In New York City, a taxi medallion — that is, the right to own a taxi in the Big Apple — costs $917,000. In 2003, a medallion would set a hack back around $200,000.
Why the steep price increase? Supply and demand. There are around 8.5 million people living in New York City, and only 13,200 or so taxi medallions. Experts estimate there is a need for around 15,000 to 17,000 medallions, but the City of New York just doesn’t issue them. So why not issue more medallions? Blame the 1937 Haas Act, which limited taxi medallions in New York to 13,595.
I share this tale of demand-driven price escalation, because bank charters appear to be going the way of New York City taxi medallion. This is not good.
Last year, for the first time in anyone’s recollection, there were no new bank charters approved, with the exception of three specifically blessed to acquire failed banks. With no new bank charters, the value of existing charters is going up to the point where smart investors are passing on banking.
I met with one on Friday. He explained the troubled economics of purchasing even a small bank charter. Say the bank has $500 million of assets and the price for the bank charter is $20 million. As is common in such transactions, the assets often end up being worth less than the seller claims. If the asset values are, say, worth 10% less than their claimed value, the bank purchaser ends up paying $70 million for the charter, not $20 million.
Historically, this would might be a risk worth taking, but not in the wake of the credit crisis, when owners of bank charters — abetted by regulators — continue to account for assets at inflated values. When you couple this with the decline in the number of bank charters, you have a recipe for investor failure.
Without bank investors, banking will die. Already we are seeing startups forced to use existing bank charters to power their innovation strategies. But those rent-a-charter prices are going to continue to increase — and that will dampen innovation.
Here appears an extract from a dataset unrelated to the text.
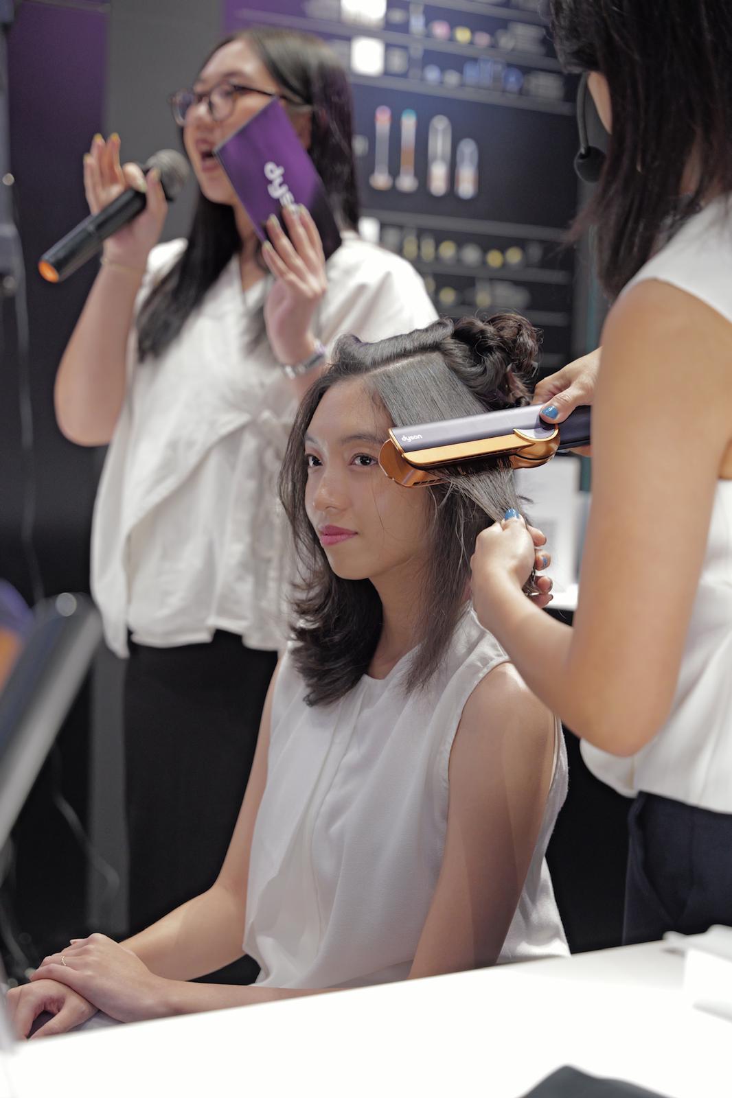Saat mencoba langsung Dyson Airstrait™ straightener, Cosmo diperkenalkan berbagai mode yang ada yaitu mode ‘Wet’, ‘Dry’ yang lebih cocok untuk styling, serta ‘Cool’ untuk setting gaya rambut.

On the surface, the regulators might be satisfied with this, because the fewer the banks, the more healthy the remaining financial institutions. But this is a fallacy of epic proportions. The lack of bank charters is creating a myopic ecosystem, whereby existing banks — whether they are qualified or not — have an ever-reducing impetus to innovative or improve their service to customers. Why regulators would want that is beyond me.
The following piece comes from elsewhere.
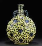 清雍正 青花黄地缠枝花卉纹扁壶 621万港币成交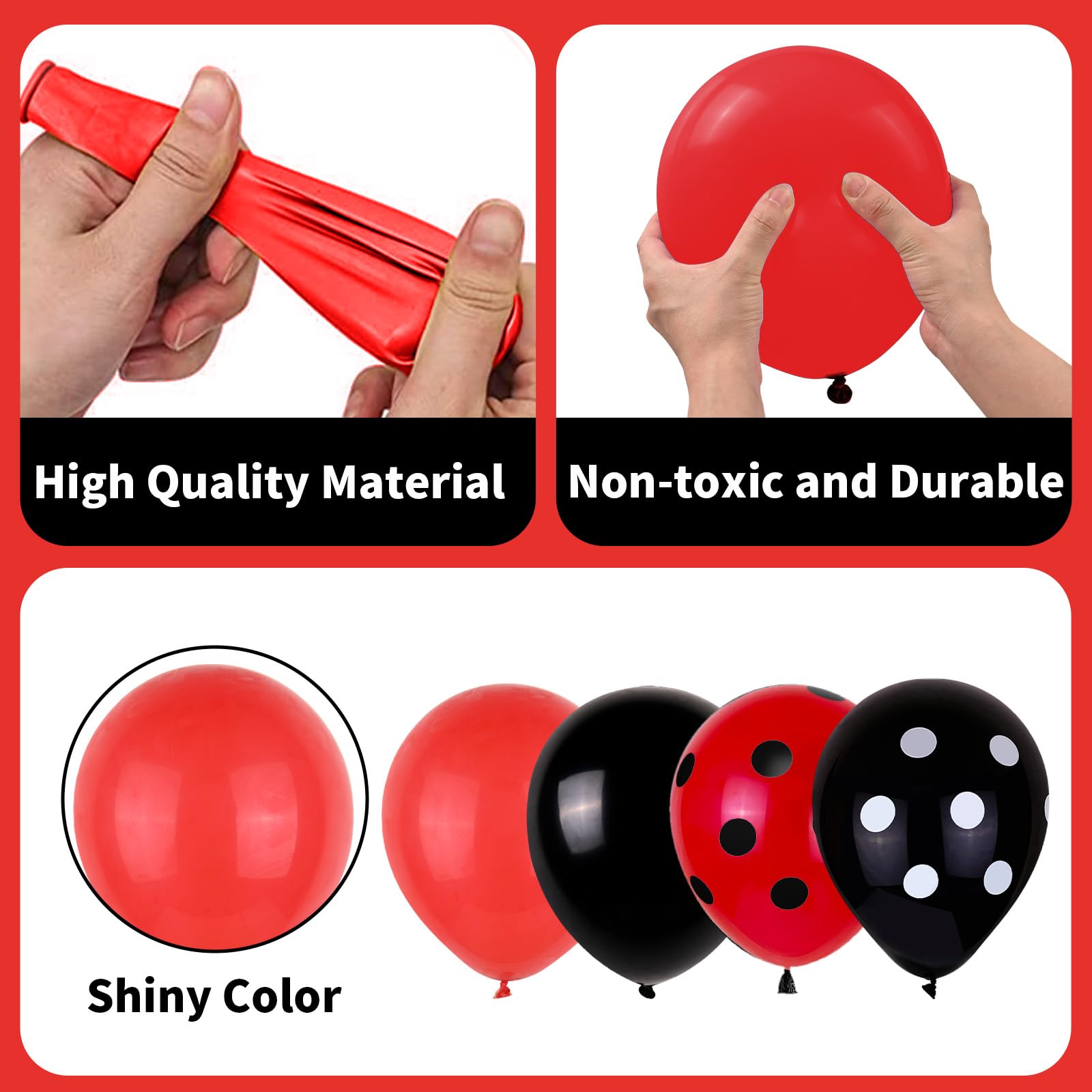 【Versatile Applications】: These red and black balloons offer multi-functional applications, suitable for kids adults birthday, ladybug theme party, wedding, graduation, red and black theme party decorations, baby shower, engagements, anniversary, bridal shower, and more. Our eye-catching balloons provide the good embellishment for every celebration.

As JPMorgan Chase’s Jamie Dimon indicated recently, the big banks can handle the compliance costs; small banks are struggling to stay on top of the compliance burden. If there is not a normative flow of innovation and entrepreneurship in banking, that burden will eventually suffocate banking, and we will be left with the four major banks. And very few others. Even Dimon, I imagine, wants a healthy banking industry, and a healthy banking industry means reasonably priced bank charters.